After More Than 50 Years, the US Passenger Plane Landed in Cuba

For the first time in more than 50 years, an passenger flight American airline provided to Cuba.

Jet Blue Flight 387 departs from Fort Lauderdale International Airport, for Santa Clara, Cuba, inaugurating the first regularly scheduled commercial flight between the US and Cuba in more than half a century, on August 31, 2016.

This historic flight took place this morning from Fort Lauderdale, Florida and arrived in Santa Clara, east of the capital Havana. The successful flight took an estimated 51 minutes.

According to a New York Times report, JetBlue’s executive vice president Marty St. George explained that a propeller plane was used the last time a US airline regularly scheduled flights to the communist country.

A total of six airlines have come forth to provide services to nine Cuban cities — a change of pace from the charter flights passengers had been forced to book in order to visit the country.
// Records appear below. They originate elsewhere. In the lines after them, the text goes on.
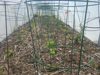 Under the covers here, are beans (vulgaris) and Lima beans. The Lima beans are the reason for the cover; regular beans should be able to take these chilly temperatures, if not actually like them. To the right, our early peas are in full flower - can hardly wait - and to the left, the first of three bean beds needing trellises has been trellised. The other two, including the currently covered Lima beans are still to be done.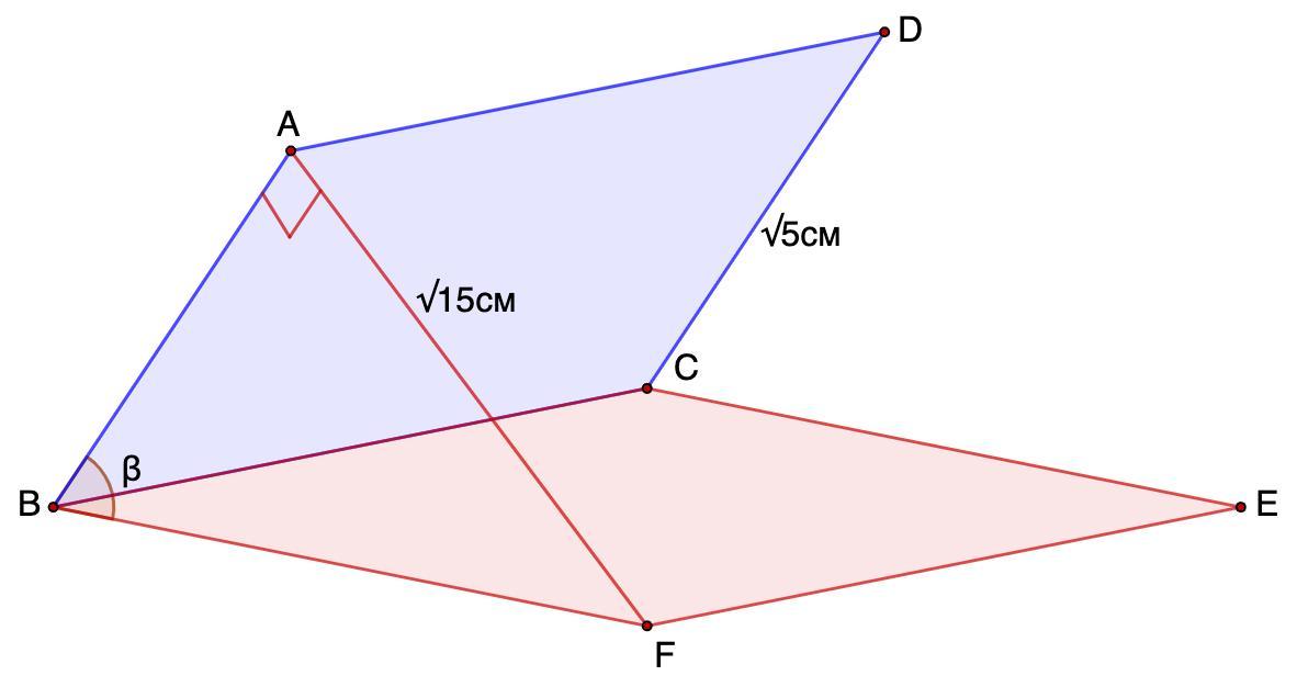 Прямоугольники ABCD и BCEF лежат в разных плоскостях (рис. 37.15), причем прямая AF перпендикулярна к плоскости ABC. Найдите двугранный угол, грани которого содержат данные прямоугольники, если AF = √15 см, CD = √5 см.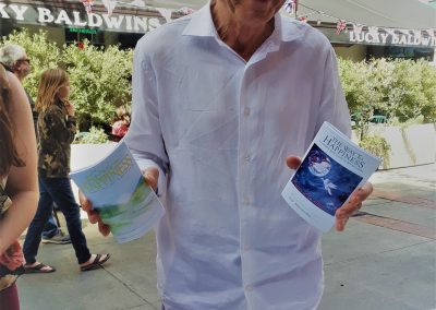 Throughout the day passersby were wished “Happy World Art Day” and invited to enjoy the art and music. They thanked us as they were also handed a copy of The Way to Happiness book, a common sense guide to better living, some with custom covers done by our artists. 300 books were handed out by Barbara Cordova Oliver, Kate Carlini, Andrea Zastawny, Daisy Alvarez and Tim Corbo.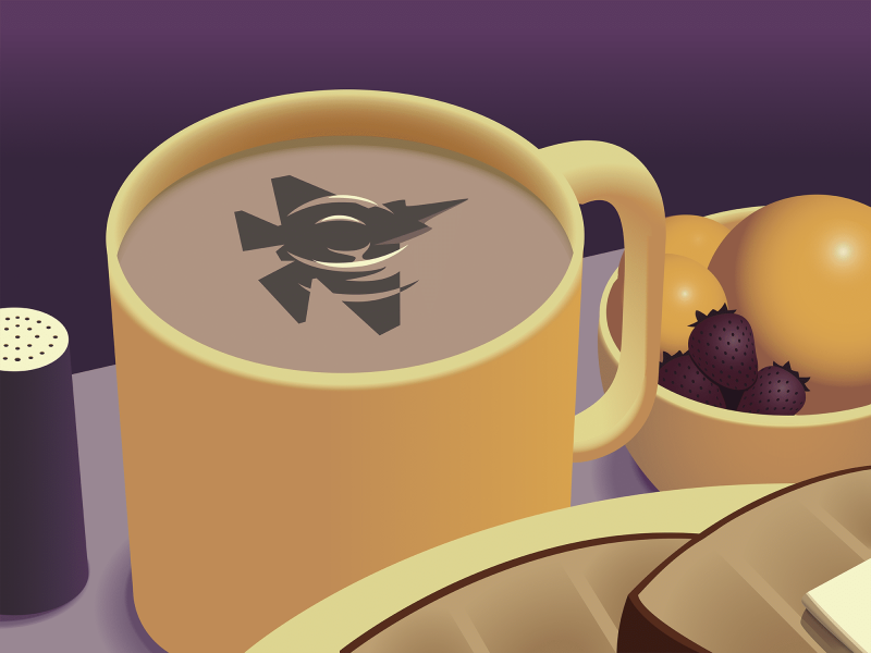 Illustration by Andrew Mulhearn. An F-35 fighter jet flying overhead is reflected in a yellow coffee mug, which sits on a pale purple table against a deep purple background.

These charter flights have been burdensome for passengers flying to Cuba: flights were unreliable and expensive, and the processing procedures was drawn-out.

“Up to a year ago, we were doing reservations by fax machines,” said Peter Sanchez, chief executive of Cuba Tours and Travel, to the New York Times.

The resumed service follows other diplomatic moves from the Obama administration that signal warming relations between the two countries.

“We will end an outdated approach that, for decades, has failed to advance our interests, and instead we will begin to normalize relations between our two countries,” said President Obama in a statement on policy changes towards Cuba in December 2014.

Since then, embassies were opened and an American assembly plant was authorized to be built in Cuba.

However, the transition has not been without a few bureaucratic hiccups. Although there have been exceptions, US citizens that are classified as tourists are still officially banned from traveling to the country. Additionally, the New York Times reported that the tractor assembly plant, which was approved by the US to be built in Cuba, was delayed by Cuban authorities.